> Task to carry out: From the first line of the entries down to the line with "An elegant heart", write out every line exactly; that last line counts, but pictures do not.

> Task input:
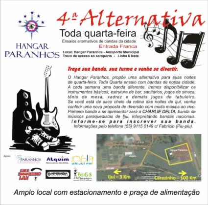 A cada semana uma banda diferente vai mostrar seu trabalho. Hoje é a vez da Charlie Delta, banda de músicos paraquedistas de Ijuí, que vai interpretar músicas de bandas nacionais. Para quem for conferir a 4ª Alternativa, toda a estrutura de lazer do Hangar vai estar disponível: sanitários, bar, jogos de sinuca, tênis de mesa, xadrez e demais jogos de tabuleiro.
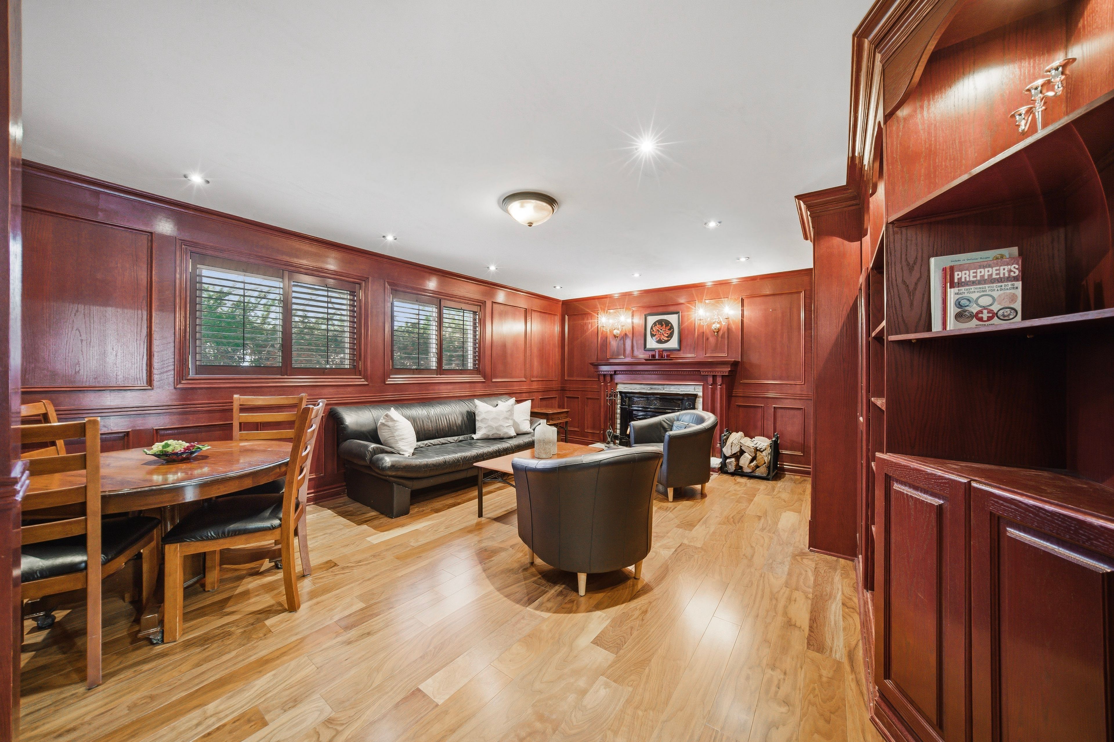 • Elegant living and dining rooms with hardwood flooring and classic details.
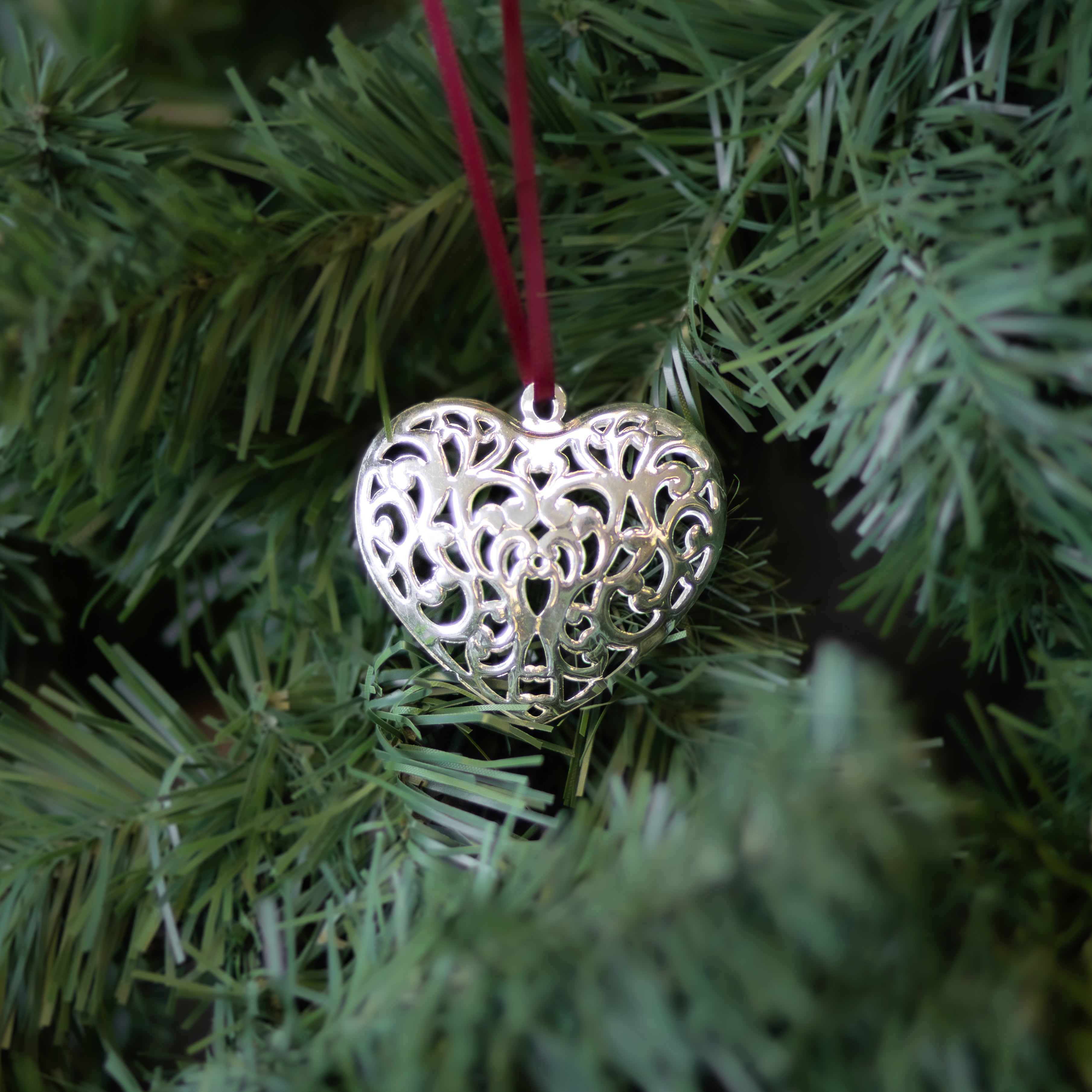 An elegant heart in silver-colored metal - perfect as a complement to your glass art or as a beautiful Christmas decoration.
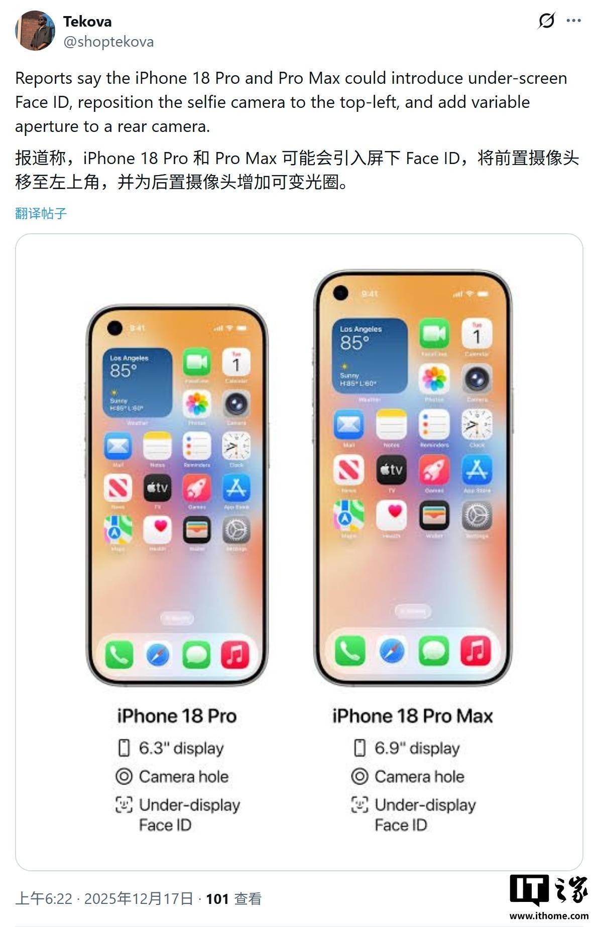 科技媒体 The Information 昨日(12 月 16 日)发布博文,爆料称苹果 iPhone 18 Pro 和 iPhone 18 Pro Max 将迎来重大外观变革,计划彻底摒弃“灵动岛”药丸形挖孔,转而采用左上角单打孔前置镜头与屏下 Face ID 技术。
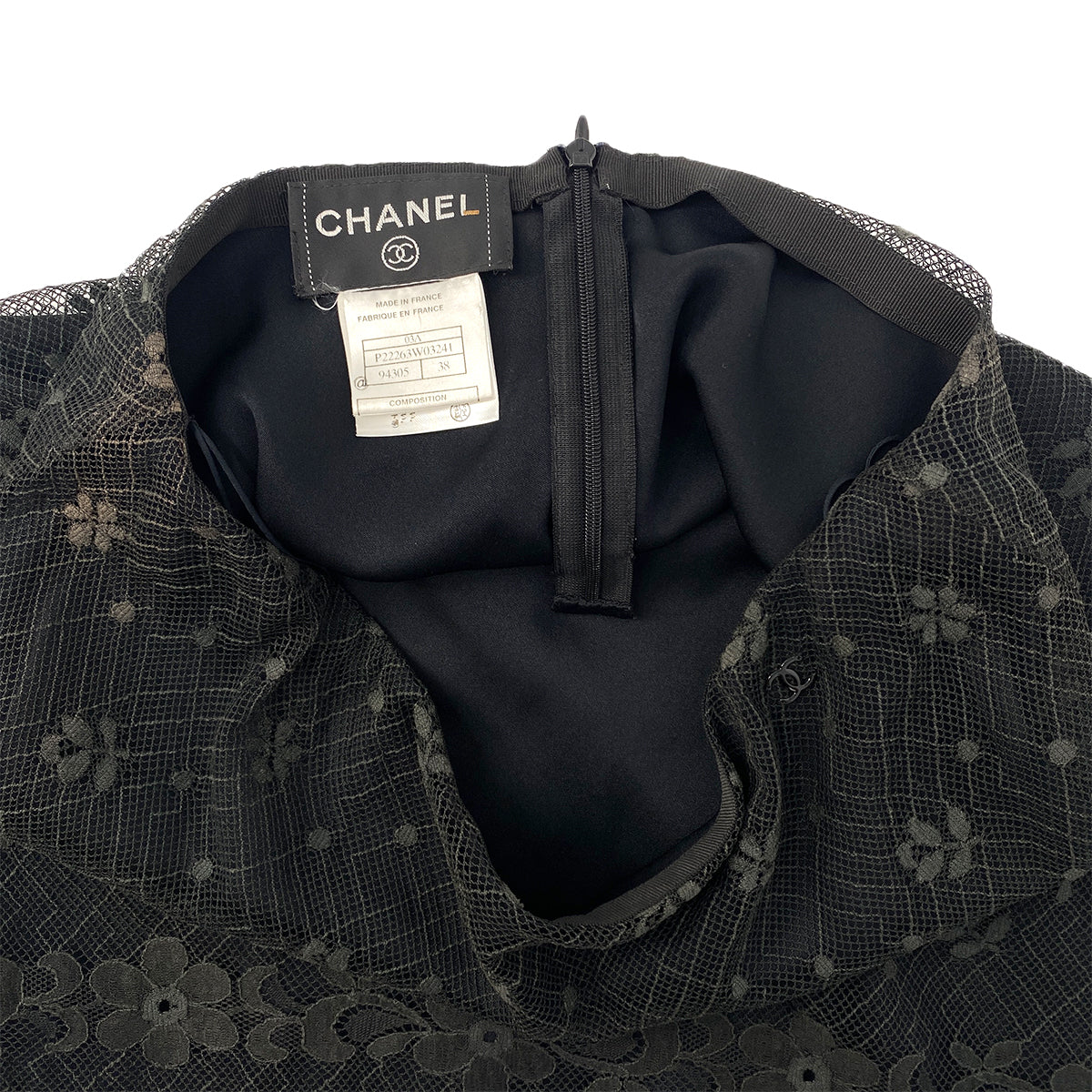 CHANEL LACE SKIRT BLACK COTTON 38 03A RTW 90287811

> Solution to the exercise:
 A cada semana uma banda diferente vai mostrar seu trabalho. Hoje é a vez da Charlie Delta, banda de músicos paraquedistas de Ijuí, que vai interpretar músicas de bandas nacionais. Para quem for conferir a 4ª Alternativa, toda a estrutura de lazer do Hangar vai estar disponível: sanitários, bar, jogos de sinuca, tênis de mesa, xadrez e demais jogos de tabuleiro.
 • Elegant living and dining rooms with hardwood flooring and classic details.
 An elegant heart in silver-colored metal - perfect as a complement to your glass art or as a beautiful Christmas decoration.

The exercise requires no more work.